Now she is adjusting to what she said was a more limited routine. Sunday nights and Mondays flummox her the most. “It’s like when you have that dream where you have a final exam and you’ve never been to class, or you forget your locker combination. I keep thinking, I have to go to work.” Instead, she takes walks with her husband, Wallace Munro, a retired actor, and visits the grocery store more than she thought she would ever want to.

“It’s something to do,” she said. “You have to restructure your life when something like this happens to you. It’s so easy to get depressed.”

Mr. Johnson, the financial planner, offered tips on juggling your income and expenses when you’re thrust into joblessness with little warning.

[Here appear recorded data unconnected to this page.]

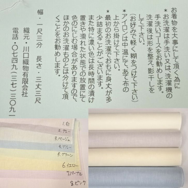 長襦袢 生地 反物 スポエリー アイスコットン 近江の麻織物 白色 ホワイト 灰色 グレー 生成り ベージュ 青色 ブルー 品 綿麻生地 色合わせしやすい 無地 緯糸アイスコットン100% 快適 夏 単衣 近江 麻 織物 通年 仕事着 仕立て GLOBALQUALITYIMPORTS_COM
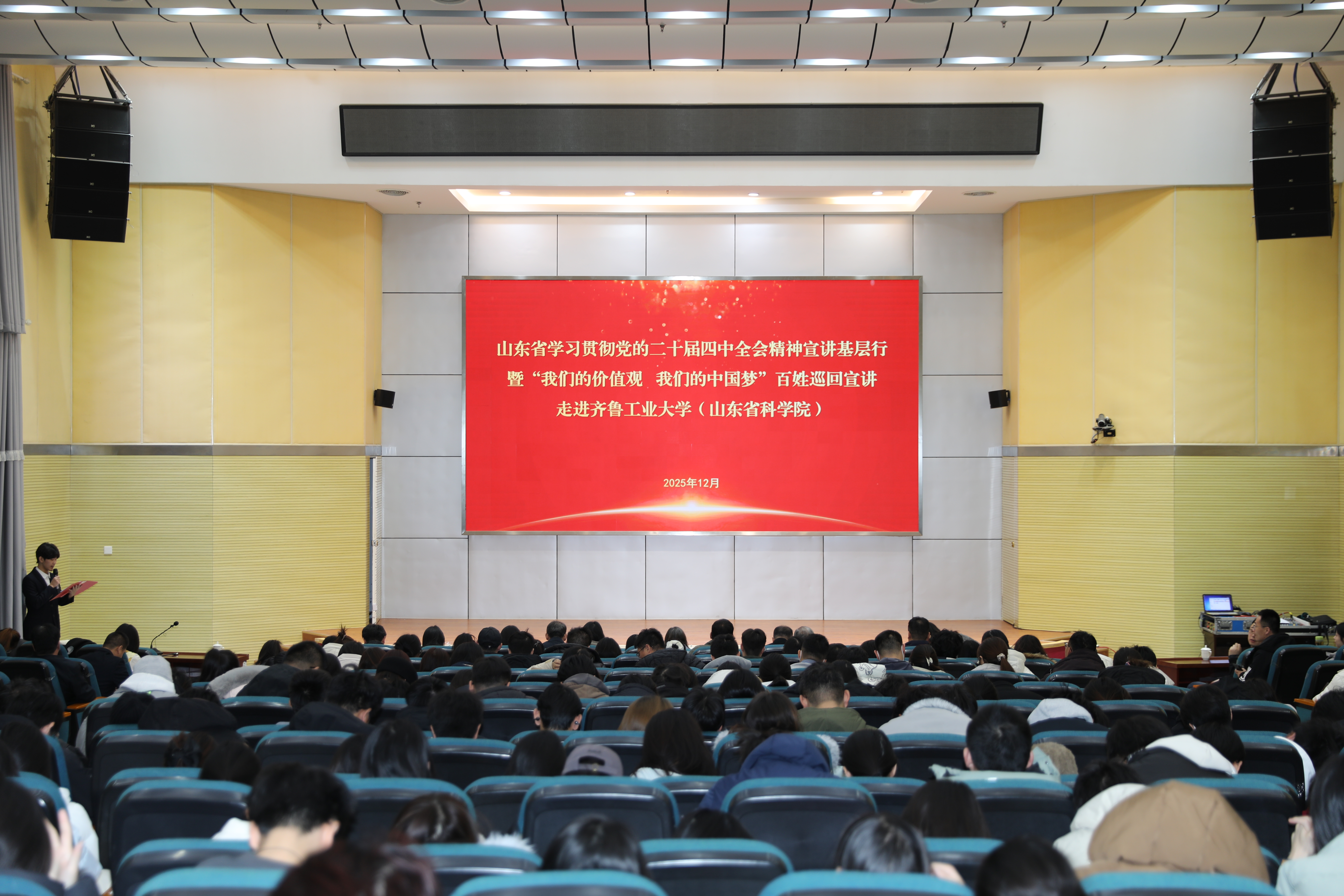 12月5日,由省委宣传部,省委讲师团主办的山东省学习贯彻党的二十届四中全会精神宣讲基层行暨“我们的价值观 我们的中国梦”百姓巡回宣讲走进齐鲁工业大学(山东省科学院)长清校区,一场融合理论深度,故事温度与艺术感染力的宣讲 91香蕉视频,为现场师生带来深刻的思想启迪与情感共鸣。
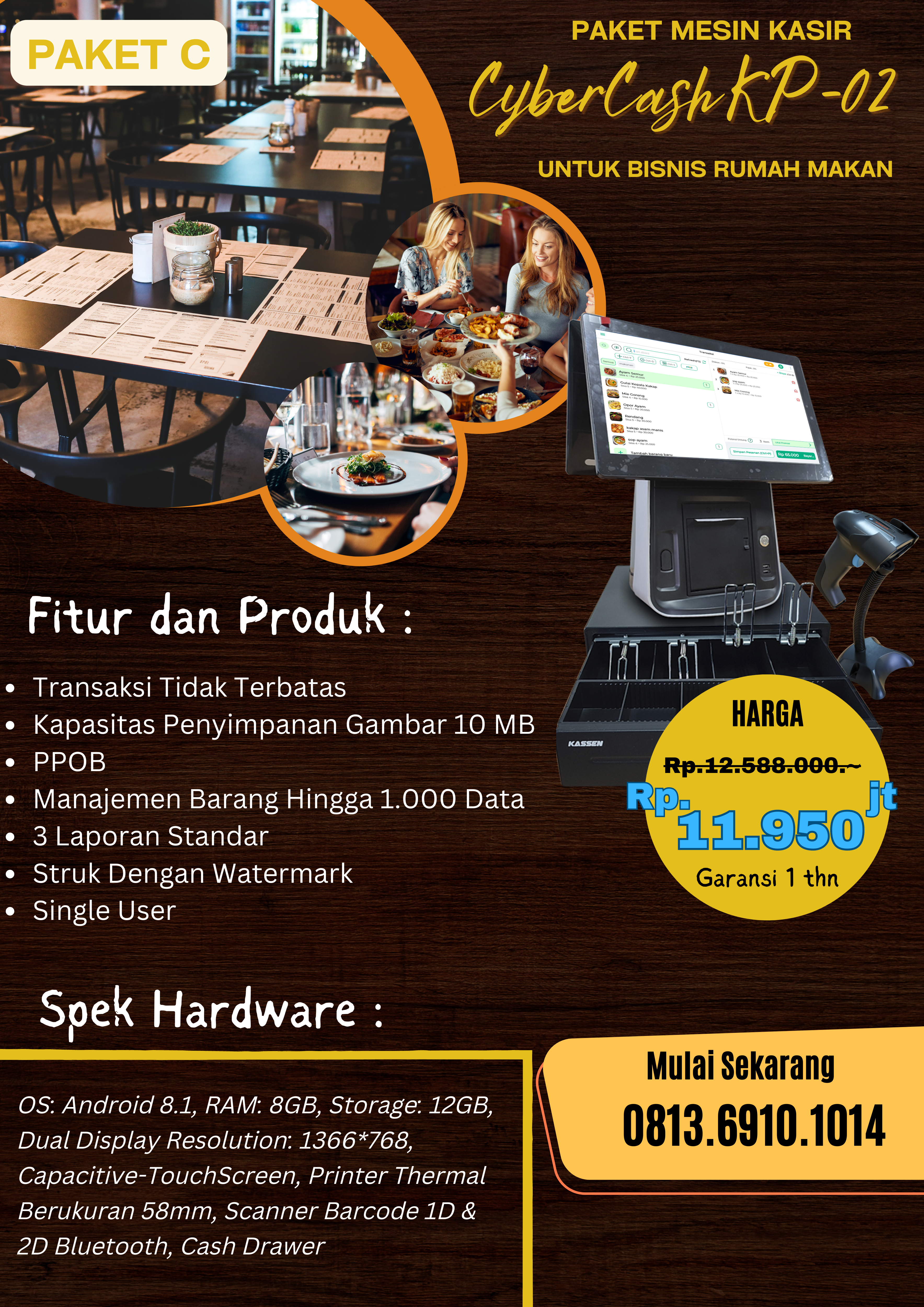MesinKasirCYBERCASH KP-02_BisnisRumahMakan_PaketC_1014

  • Make sure that you do not have any old pension or 401(k) money out there from previous employers. People who have rolled over retirement accounts from previous employers often forget about them.

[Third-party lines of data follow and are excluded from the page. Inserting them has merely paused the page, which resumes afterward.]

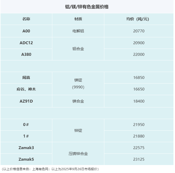壓鑄早報2025/9/29星期一
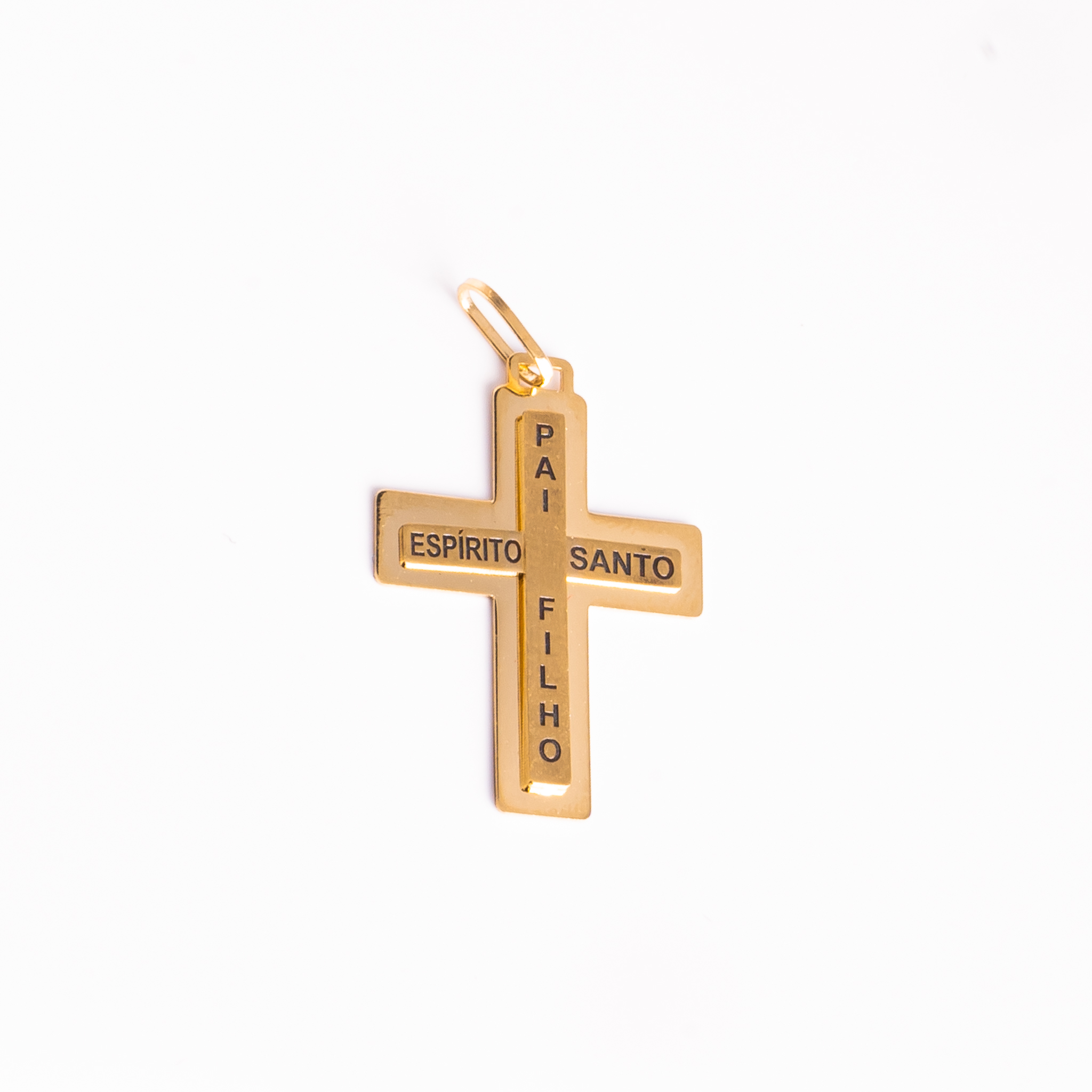 Um pingente de cruz em ouro amarelo 18 quilates com uma inscrição significativa que diz “Pai, Filho e Espírito Santo”. Este pingente é uma representação religiosa profunda e é confeccionado em ouro de alta qualidade, proporcionando durabilidade e brilho duradouro. É uma peça de joalheria que combina elegância e espiritualidade, perfeita para quem deseja carregar sua fé de forma discreta e significativa. É um lembrete constante da presença divina e da trindade cristã.
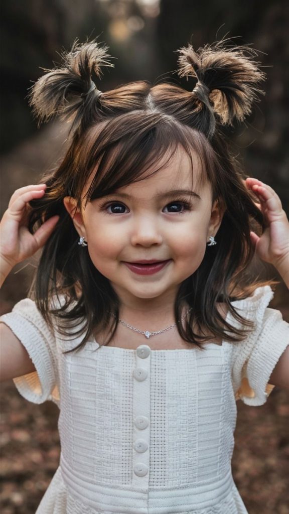 For those who love a natural, laid-back look, this hairstyle combines effortless charm with practicality. Mini ponytails are tied on either side of the head, with soft, wispy strands left out for a relaxed feel. Neutral-toned clips elevate the look, making it suitable for casual outings or family photoshoots.
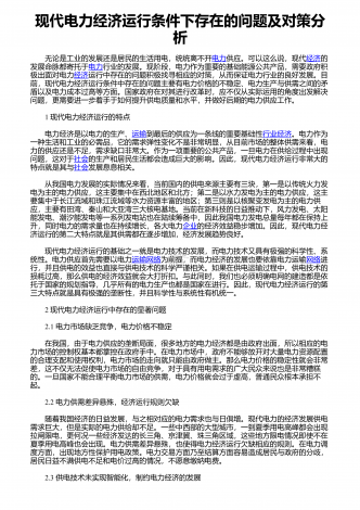 现代电力经济运行条件下存在的问题及对策分析 无论是工业的发展还是居民的生活用电,统统离不开电力供应。可以这么说,现代经济的发展命脉都寄托于电力行业的发展。现阶段,电力作为重要的基础能源公共产品,需要政府积极出面对电力经济运行中存在的问题积极找寻相应的对策,从而保证电力行业的良好发展。目前,现代电力经济运行条件中存在的问题主要有电力价格的不稳定、电力生产与供需之间的矛盾以及电力成本过高等方面。国家政府在对其进行改革时,应不仅从实际运用的角度出发解决问题,更需要进一步着手于如何提升供电质量和水平,...
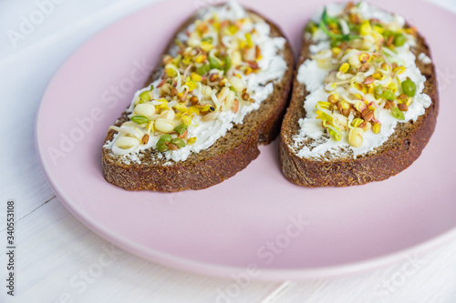 Top view of rye bread sandwiches with cream cheese and sprouted mung beans, walnut, sunflower and flax. raw food diet.

  • Don’t feel guilty for taking Social Security early — especially if you have no other option. You can begin claiming your benefits as early as age 62. However, the downside to claiming before your full retirement age (you can look it up on the Social Security website) is that your total monthly payments will be permanently reduced. If your income is below a certain threshold, your full Social Security payments might be tax-free.

  • Use Social Security payments for your nondiscretionary, fixed expenses and retirement assets for discretionary expenses, such as travel and entertainment.

  • Bridge the gap to Medicare, because the age of eligibility is 65. Consider plans under the Affordable Care Act. Typically, if your income is low enough, you may receive premium tax credits and other benefits if you choose a plan on the marketplace.

  • If Social Security and retirement savings cannot sustain your lifestyle, it’s time to consider Medicaid, Supplemental Security Income and similar programs.